The law never took effect after then–Mississippi governor Phil Bryant signed it in March 2018. US District Judge Carlton Reeves entered a series of orders blocking it at the time, writing in an opinion in November 2018 that the 15-week ban was “unequivocally” a violation of constitutional rights. He described it as a “disingenuous” effort by the state legislature to pass a law that officials knew was unconstitutional in the hopes of getting abortion back before the Supreme Court.

"The Court’s frustration, in part, is that other states have already unsuccessfully litigated the same sort of ban that is before this Court and the State is aware that this type of litigation costs the taxpayers a tremendous amount of money," Reeves wrote. "No, the real reason we are here is simple. The State chose to pass a law it knew was unconstitutional to endorse a decades-long campaign, fueled by national interest groups, to ask the Supreme Court to overturn Roe v. Wade."

The case then went up to the US Court of Appeals for the 5th Circuit, which agreed with Reeves that previous Supreme Court rulings had been clear that states could not ban abortion before a fetus was viable.

“In an unbroken line dating to Roe v. Wade, the Supreme Court’s abortion cases have established (and affirmed, and re-affirmed) a woman’s right to choose an abortion before viability. States may regulate abortion procedures prior to viability so long as they do not impose an undue burden on the woman’s right, but they may not ban abortions. The law at issue is a ban,” Judge Patrick Higginbotham wrote for the court.

Even Judge James Ho, who was confirmed to the 5th Circuit under Trump and swiftly established himself as a leading conservative voice on the federal bench, wrote separately to indicate he was sympathetic to Mississippi lawmakers but was “required” to uphold the ruling against the state. Ho noted that Mississippi’s lawyers hadn’t asked the court to hold oral arguments, a sign that the state expected to lose on its way to getting to the Supreme Court.

“I am forced to agree with the majority’s application of Supreme Court precedent to this recently enacted and sincerely motivated law, and to conclude that we are duty bound to affirm the judgment,” Ho wrote.

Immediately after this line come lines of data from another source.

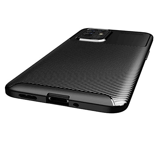 WEIOU Fibra di Carbonio Cover per Oppo A94 5G (Reno 5Z) Case + 2 Vetro Temperato, Custodia in Morbida Silicone TPU Anti-Graffio Antiurto Protettiva Shell Bumper. Nero
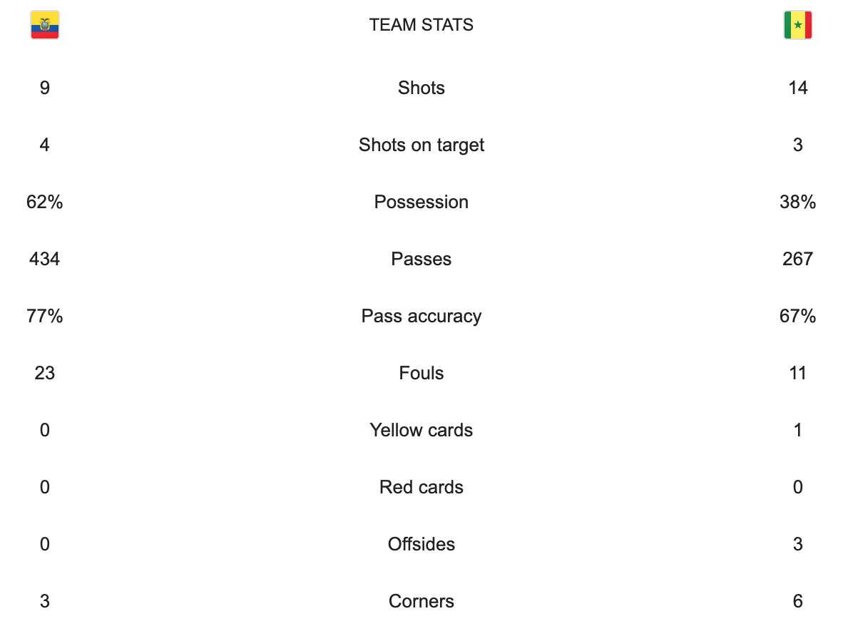 Ecuador played Senegal. A win or draw for Ecuador would put them into the elimination round. A win would get Senegal out of the group stage. If they draw and the Netherlands loses they will tie and could get out of the group stage on tiebreakers. Senegal opened the scoring in the 44′ minute. They score the game’s opening goal on a penalty kick. Senegal had a 1-0 lead at halftime. Ecuador tied the game in the 67′ minute. Just a few minutes later Senegal would take the lead again. In the 70′ minute they scored the go-ahead goal. The final was a 2-1 Senegal win. With the win, Senegal advanced out of the group stage and into the round of 16. Ecuador was eliminated after their loss. The game was pretty even. Ecuador had more of the possession but just could find a way to win.
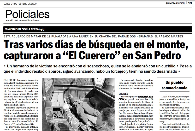 Cerca del mediodía del martes 18 de febrero de 2020, en una chacra ubicada en el kilómetro 75 de la ruta provincial 18, el salvaje crimen de Sonia Cerpa (40) conmovió a todo el país.
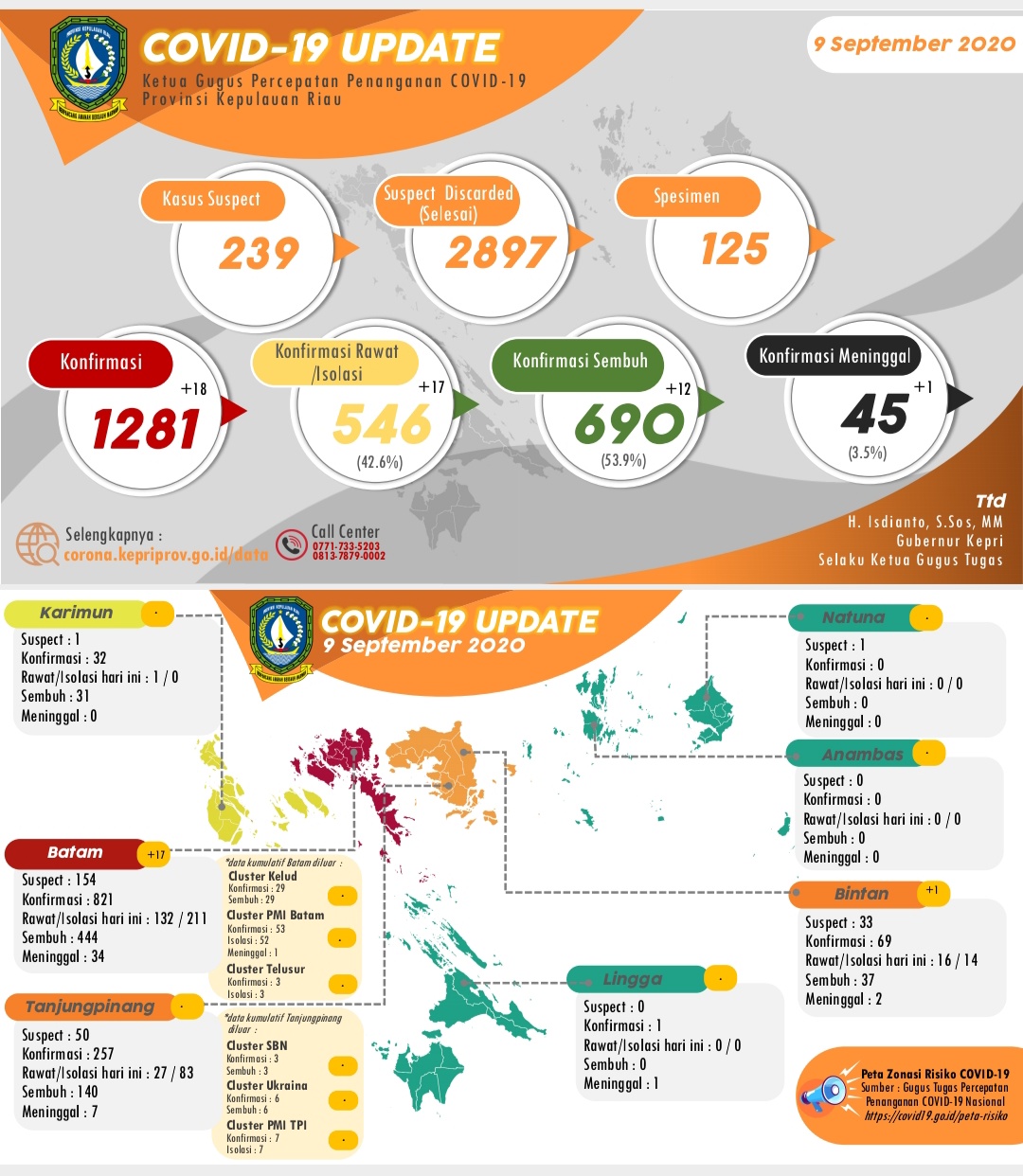 PROKEPRI.COM, TANJUNGPINANG – Pemerintah Provinsi (Pemprov) Kepri kembali mengumumkan kasus positif virus Corona (COVID-19) pada Rabu (09/09/2020) bertambah 18 kasus terkonfirmasi, sehingga jumlah positif corona naik menjadi 1281 orang.
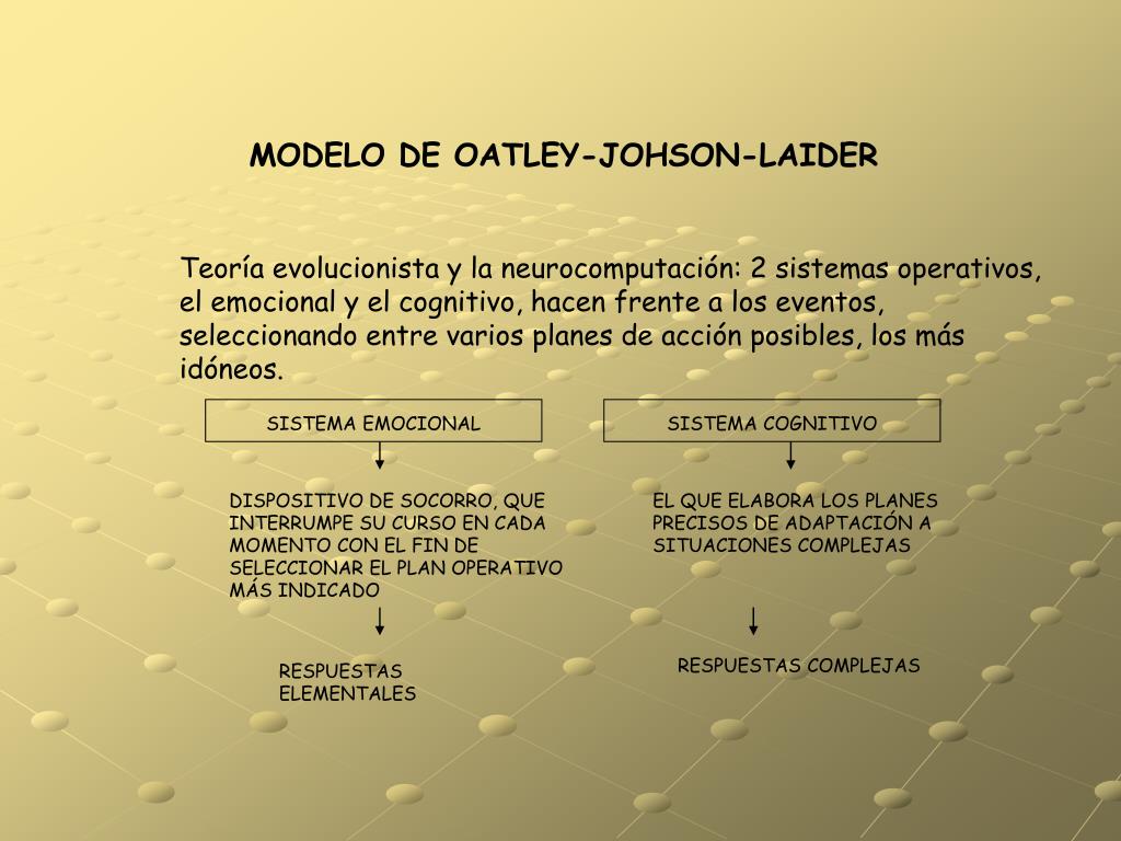 MODELO DE OATLEY-JOHSON-LAIDER Teoría evolucionista y la neurocomputación: 2 sistemas operativos, el emocional y el cognitivo, hacen frente a los eventos, seleccionando entre varios planes de acción posibles, los más idóneos. SISTEMA EMOCIONAL SISTEMA COGNITIVO DISPOSITIVO DE SOCORRO, QUE INTERRUMPE SU CURSO EN CADA MOMENTO CON EL FIN DE SELECCIONAR EL PLAN OPERATIVO MÁS INDICADO EL QUE ELABORA LOS PLANES PRECISOS DE ADAPTACIÓN A SITUACIONES COMPLEJAS RESPUESTAS COMPLEJAS RESPUESTAS ELEMENTALES
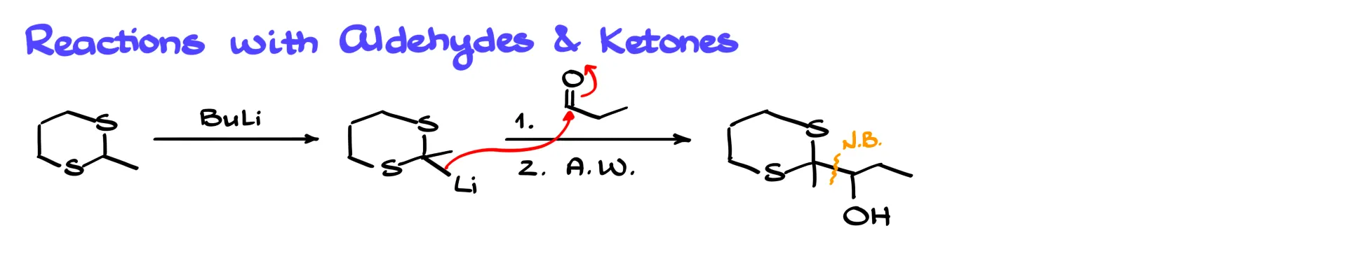 We convert the thioacetal into its lithium derivative and react it with an aldehyde, such as propanal. The nucleophile attacks the carbonyl carbon, forming a new carbon–carbon bond. After acidic workup we obtain the corresponding alcohol.
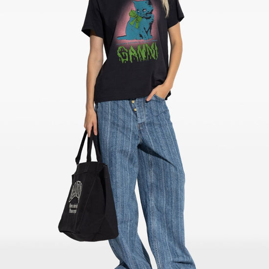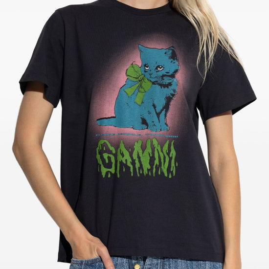 Dark grey kitten with bow graphic dripping text short sleeves crew neck neon kitty organic cotton t-shirt
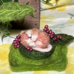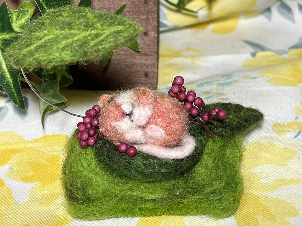 小さなヤマネの赤ちゃんがフカフカなベッドでお昼寝中です #羊毛フェルト #ヤマネ
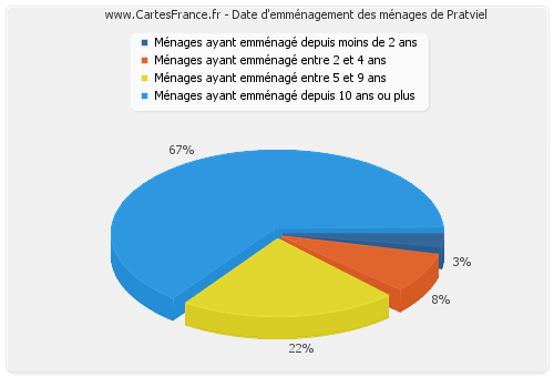 - Nombre de ménages de Pratviel ayant emménagé depuis 10 ans ou plus : 24
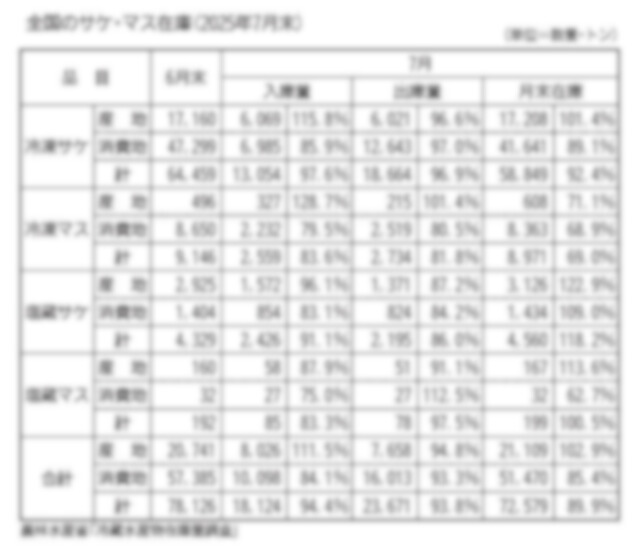 7月末のサケ・マス在庫は引き続き減少し、チリギンの高値に結び付いた3年前に準ずる低水準で推移している。秋サケの不漁などで、今後ますます在庫は低下していく見通しだ。 7月末の全国在庫は7万2579ト…
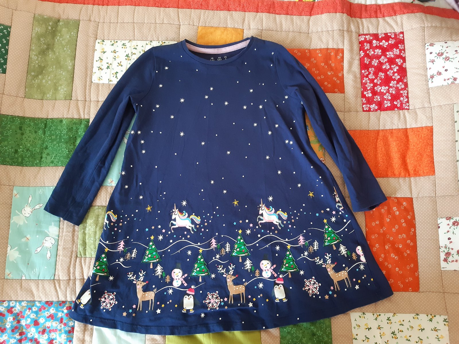 Vianocne saty nosene do skolky v predvianocn obdobi. Krasny motiv. Super stav bez poskodeni. Velkost 110/116.

The justices declined to take up two other questions that Mississippi had asked the court to weigh in on, leaving the door open to future abortion fights: what standard courts should use to analyze previability abortion bans, and whether abortion providers should be able to challenge these types of laws as third parties.

The court hasn’t announced a schedule yet for hearing arguments for the next term, which begins in October.